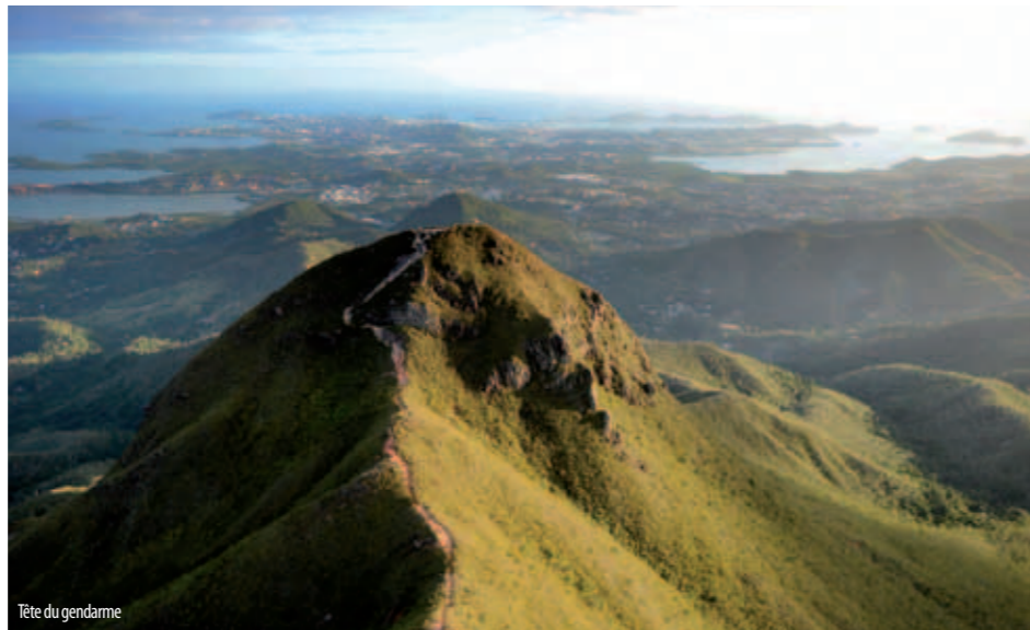
Tête du gendarme

“Yahoué permet à ses habitants de bénéficier de toutes les infrastructures d'une agglomération”
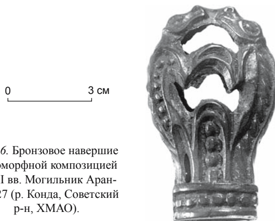
Рис. 6. Бронзовое навершие с зооморфной композицией X–XI вв. Могильник Арантур-27 (р. Конда, Советский р-н, ХМАО).

В завершение можно сделать еще один вывод о религиозных воззрениях жителей Надымского городка. Правда, основанный только на археологических источниках, он может показаться малоубедительным. Тем не менее обращу особое внимание на уникальную особенность культурного слоя Надымского городка – замерзшее состояние. Накапливаясь и замерзая, слой не оттаивал, и вещи в нем не перемещались. Именно это обстоятельство позволяет делать некоторые выводы не только по наличию артефактов, но и по их отсутствию. К категории культовых предметов и принадлежностей ритуалов в настоящее время отнесено ок. 200 изделий, и это не считая вещей из категории детских игрушек (ок. 1 500 экз.), в рамках которой сложно дифференцировать бытовые предметы и вотивные, а последние могут составлять не менее половины. Следы различ-
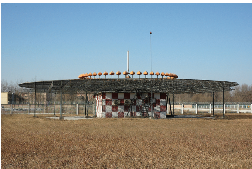
Seitenansicht einer DVOR-Anlage

Ergebnis: Die ausgewerteten Simulationsergebnisse sind die elektrische Feldstärke E und deren Feldlinien. Durch diese Ergebnisse lässt sich eine Aussage über die Verteilung des elektrischen Feldes im Raum machen. Mit den erhaltenen Simulationsergebnissen bezüglich des elektrischen Feldes konnten die Messfehler der Anlage, welche durch die Reflexionen der Gebäude entstanden, erfolgreich nachgewiesen werden. Jedoch war es nicht möglich, die exakten Werte der Abweichung zu ermitteln.

::::::::::

• EXERCISE:
Scan the entries above for the string "Anlage" and copy each line that contains it.

• SOLUTION FOR THIS PROBLEM:
Seitenansicht einer DVOR-Anlage
Ergebnis: Die ausgewerteten Simulationsergebnisse sind die elektrische Feldstärke E und deren Feldlinien. Durch diese Ergebnisse lässt sich eine Aussage über die Verteilung des elektrischen Feldes im Raum machen. Mit den erhaltenen Simulationsergebnissen bezüglich des elektrischen Feldes konnten die Messfehler der Anlage, welche durch die Reflexionen der Gebäude entstanden, erfolgreich nachgewiesen werden. Jedoch war es nicht möglich, die exakten Werte der Abweichung zu ermitteln.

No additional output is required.